*What to work on:*
With images removed, return the whole listing exactly as written.
** Opening Data provided block **
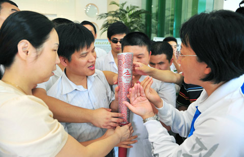Lv Xiaohong(R), a doctor at Nanjing Disabled Recovery Center, introduces the torch to her visually-impaired colleagues on Tuesday.[Xinhua]
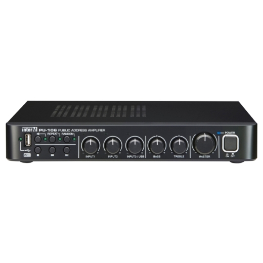 Inter-M PU-106 – компактный трансляционный микшер-усилитель с встроенным источником сигналов и номинальной выходной мощностью 60 Вт, применяемый для построения 1-зонных систем озвучивания и оповещения небольших объектов (кафе, магазины, салоны красоты и др.).
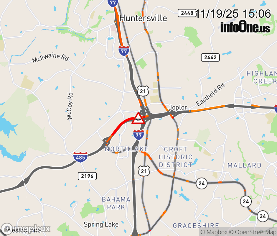 The four left lanes are closed two miles past Exit 23 C (I-77). Updated: Wed 11/19/25 3:06 PM EST ![]() Updated: Wed 11/19/25 3:06 PM EST |
** Closing Data provided block **
*Response:*
Lv Xiaohong(R), a doctor at Nanjing Disabled Recovery Center, introduces the torch to her visually-impaired colleagues on Tuesday.[Xinhua]
 Inter-M PU-106 – компактный трансляционный микшер-усилитель с встроенным источником сигналов и номинальной выходной мощностью 60 Вт, применяемый для построения 1-зонных систем озвучивания и оповещения небольших объектов (кафе, магазины, салоны красоты и др.).
 The four left lanes are closed two miles past Exit 23 C (I-77). Updated: Wed 11/19/25 3:06 PM EST ![]() Updated: Wed 11/19/25 3:06 PM EST |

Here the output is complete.